In Bangladesh si è scatenata una feroce polemica a causa dell’uscita di un film su una “surfista donna”.
La pellicola in questione, spiega Al Jazeera, si intitola No Dorai (Senza paura) e narra la storia di una ragazza povera di nome Ayesha che coltiva il suo amore per il surf andando contro i pregiudizi maschilisti radicati nel Paese a maggioranza islamica, in cui le donne trovano di fatto enormi difficoltà a praticare sport.
Il racconto del film si ispira, precisa l’emittente, alla vicenda di Nasima Akter, la prima surfista donna nella storia del Bangladesh, che, nata in una famiglia povera e cresciuta tra mille disagi, ha alla fine trovato in tale disciplina un’occasione di riscatto. Su di lei, arrivata a sfidare persino gli atleti maschi, è stato anche girato nel 2015 un documentario da parte di un regista americano.

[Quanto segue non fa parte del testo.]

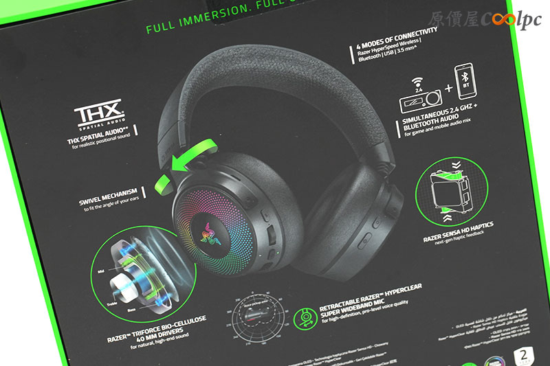 Razer Kraken V4 Pro 採用經典黑綠配色包裝,正面直接標示產品本體與旗艦級定位。包裝設計延續 Razer 一貫的電競美學,簡潔卻帶有科技感,也暗示這款耳機主打的不只是聲音,而是完整的沉浸體驗。

Nonostante racconti una storia di rivincita sociale, No Dorai, all’indomani della sua uscita nei cinema bengalesi, è divenuto oggetto di contestazioni, nonché di richieste di messa al bando inoltrate addirittura alla Corte suprema nazionale.
Un avvocato di nome Huzzatul Islam, riporta Al Jazeera, ha appunto sollecitato l’intervento della massima autorità giudiziaria del Paese accusando il film di “urtare il sentimento religioso musulmano”, senza però specificare quali scene sarebbero a suo avviso oltraggiose. Egli, citato dallo stesso network, ha poi esortato le autorità, a nome degli ambienti musulmani conservatori, ad applicare la censura, revocando la licenza di diffusione cinematografica accordata in precedenza a No Dorai: “Noi chiediamo che la commissione nazionale per la censura cancelli il nulla osta rilasciato ai produttori del film. Deve essere inoltre interrotta la diffusione di quella pellicola e il suo regista deve scusarsi pubblicamente”.
Mahboob Rahman, il produttore di No Dorai, ha in seguito comunicato, fa sapere il medesimo network, che le autorità giudiziarie bengalesi, sollecitate appunto dall’avvocato Islam, avrebbero già aperto un fascicolo in merito al lungometraggio. I magistrati avrebbero quindi dato al produttore un mese di tempo per discolparsi dalle accuse e per spiegare perché non dovrebbe essergli revocata la licenza di diffusione della pellicola incriminata.
Rahman, dopo avere chiarito di volere lottare per impedire la messa al bando del suo film, ha rilasciato dichiarazioni critiche verso i settori tradizionalisti della società bengalese, rilanciate sempre da Al Jazeera: “C’è un blocco che vuole tenere le donne chiuse in casa.
Delle persone stanno dicendo che Ayesha indossa un bikini nel film e che ciò rappresenta un attacco alla nostra religione, ma non ci sono affatto scene del genere nella pellicola. Quelli che avanzano accuse simili sono persone che non hanno visto neanche uno spezzone del film”.